# Does anyone use their horse shampoo for their own hair?



## My Beau (Jan 2, 2009)

They sell mane 'n' tail in the dollar store by my house


----------



## CloudsMystique (Mar 3, 2009)

Well, Mane n' Tail is made for people, horses, and dogs. I've used it on myself and my horse.

I have been tempted to try my mare's Emerald Black shampoo, haha. I dye my dark brown hair black, and for some reason it keeps turning red (which is not even my natural color!). It keeps her from turning red, so maybe it'll do the same for me.

I don't see why you couldn't do it. It might not give you the desired results, just like if you were to use Pantene Perfect Curls on your straight hair, but I doubt it'd harm anything. It's not like they put some special ingredient in it that's safe for horses but not for humans. If it's safe for their skin, it should be safe for ours - assuming you're not allergic to it.


----------



## drafteventer (Jul 6, 2009)

I've used my horses white n bright shampoo on myself (since I'm blonde) and it made my hair really shiny and lighter looking. But it's a little expensive so I just keep it for my horse.


----------



## Cougar (Jun 11, 2009)

I've washed my hair with worse things than horse shampoo but yes, I have used it before and it did the job.


----------



## myponygizmo (Apr 18, 2010)

You can use Mane&Tail i've used it before....


----------



## csimkunas6 (Apr 18, 2010)

Ive personally never used it, but I know a lot of people that have used it, and loved it.


----------



## mom2pride (May 5, 2009)

I have used several of the dog grooming products I used as a dog groomer; they have fewer harsh chemicals, and I react less to them...

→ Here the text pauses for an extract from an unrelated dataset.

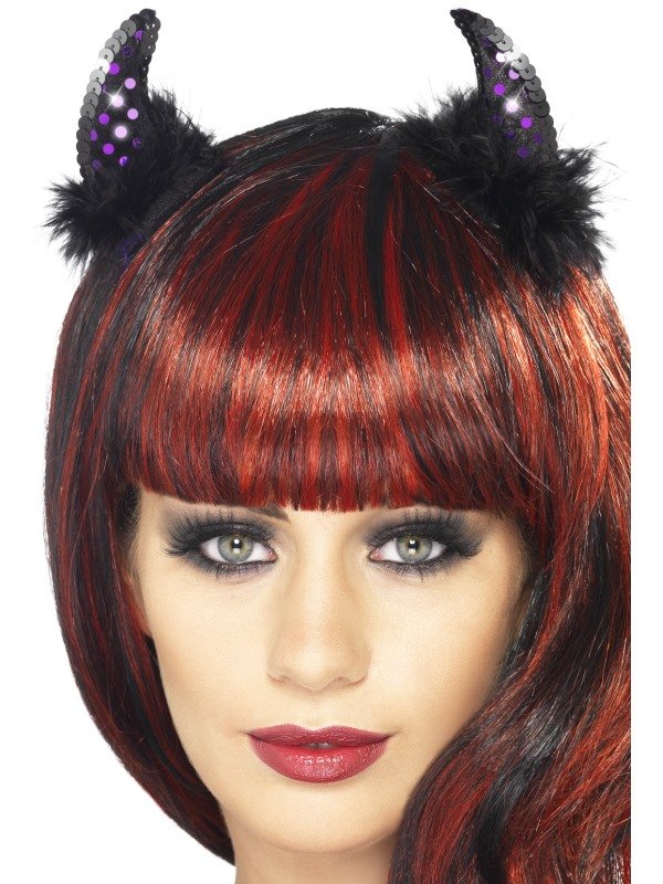 Svarta djävulshorn med marabou fjädrar och lila paljetter.

I have used some horse products too, but not as much as the dog ones, seeing as I had more acces to them; I also use the dog products on my horses and goats, with fabulous results.


----------



## TheRoughrider21 (Aug 25, 2009)

I've used Cowboy Magic on my hair. I really liked it lol. But it was kinda expensive so my horse gets it. =)


----------



## Jordan S (Jun 7, 2009)

Ok don't laugh. but

i've used MTG before 

LOL my hair never gets oily so I can tolerate it. and the smell is ushually gone by morning, especially if you use good smelling conditioners. It made my hair grow an inch in a month LOL. no ones ever noticed that it was in my hair! :lol:

heck im on a hair care forum and they use mane n tail and megatek hoof rebuilder.


----------



## Carleen (Jun 19, 2009)

My bottle of Mane 'n Tail only leaves my shower when it's bath time at the barn.


----------